═══ INPUT RECORDS ═══
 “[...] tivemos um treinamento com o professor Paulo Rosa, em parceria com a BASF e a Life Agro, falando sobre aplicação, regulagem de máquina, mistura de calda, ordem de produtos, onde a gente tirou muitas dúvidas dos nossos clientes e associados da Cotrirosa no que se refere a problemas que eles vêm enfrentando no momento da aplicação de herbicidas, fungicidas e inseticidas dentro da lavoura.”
═══
═══ INPUT RECORDS ═══
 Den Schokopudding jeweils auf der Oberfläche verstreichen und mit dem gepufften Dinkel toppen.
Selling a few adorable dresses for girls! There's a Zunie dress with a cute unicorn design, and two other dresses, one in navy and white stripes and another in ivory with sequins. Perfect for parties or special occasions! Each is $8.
═══
═══ INPUT RECORDS ═══
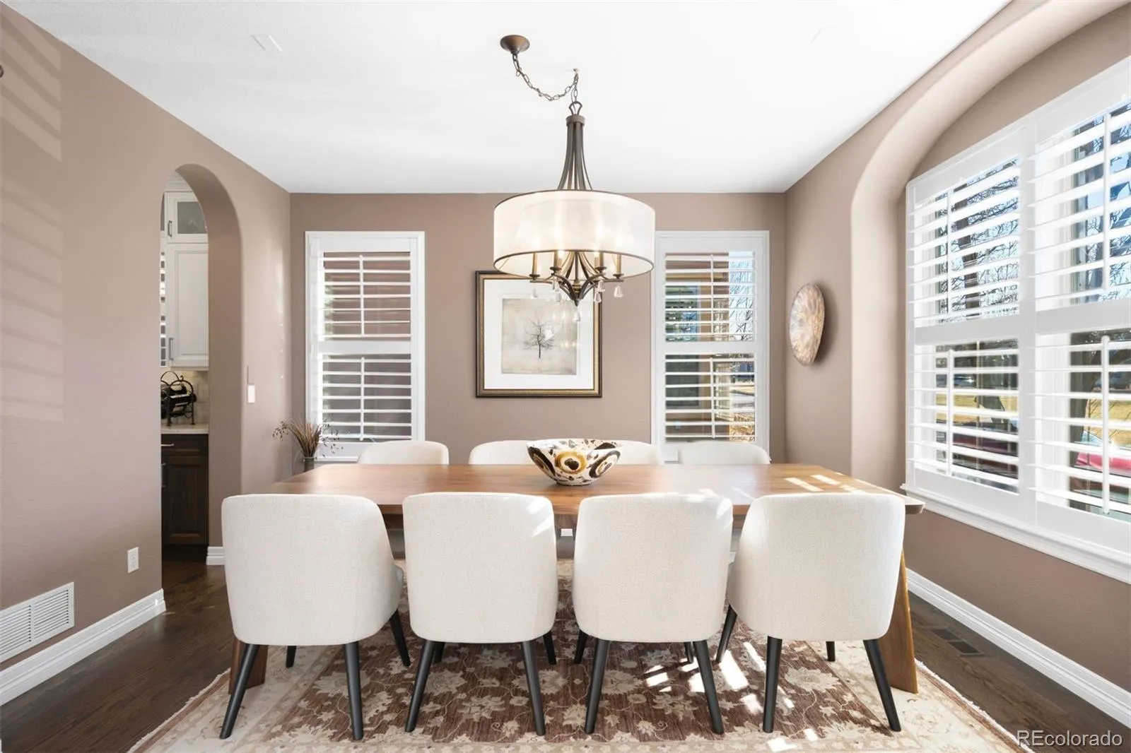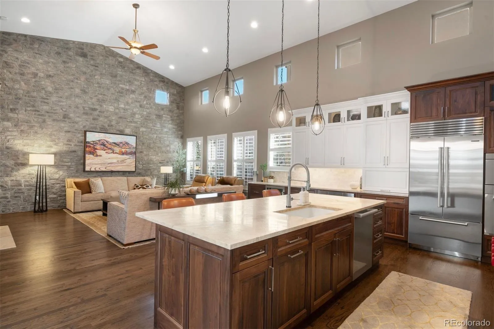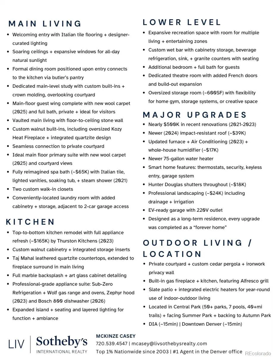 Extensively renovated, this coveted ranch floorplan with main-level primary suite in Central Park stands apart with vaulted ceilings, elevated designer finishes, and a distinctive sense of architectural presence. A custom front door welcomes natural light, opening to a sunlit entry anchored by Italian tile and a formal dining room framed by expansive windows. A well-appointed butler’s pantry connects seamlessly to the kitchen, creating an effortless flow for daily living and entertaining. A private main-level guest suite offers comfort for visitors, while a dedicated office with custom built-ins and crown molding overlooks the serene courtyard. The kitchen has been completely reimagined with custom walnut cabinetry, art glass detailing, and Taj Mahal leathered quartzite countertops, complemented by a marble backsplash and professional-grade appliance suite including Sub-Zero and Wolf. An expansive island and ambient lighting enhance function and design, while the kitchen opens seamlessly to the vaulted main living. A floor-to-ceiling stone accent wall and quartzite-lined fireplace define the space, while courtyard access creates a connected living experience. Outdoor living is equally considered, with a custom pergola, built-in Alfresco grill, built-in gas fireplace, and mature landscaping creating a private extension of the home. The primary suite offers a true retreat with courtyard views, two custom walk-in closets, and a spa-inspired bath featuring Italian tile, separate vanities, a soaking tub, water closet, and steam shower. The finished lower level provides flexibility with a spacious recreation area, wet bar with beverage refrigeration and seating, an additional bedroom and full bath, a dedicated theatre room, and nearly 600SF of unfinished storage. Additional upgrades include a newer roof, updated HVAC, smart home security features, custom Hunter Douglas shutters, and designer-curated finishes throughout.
═══
TASK INSTRUCTIONS | Begin with the line that has "Den Schokopudding jeweils" in the listing above and end after the line that has "Selling a few"; output those lines exactly.

RESPONSE BELOW |
 Den Schokopudding jeweils auf der Oberfläche verstreichen und mit dem gepufften Dinkel toppen.
Selling a few adorable dresses for girls! There's a Zunie dress with a cute unicorn design, and two other dresses, one in navy and white stripes and another in ivory with sequins. Perfect for parties or special occasions! Each is $8.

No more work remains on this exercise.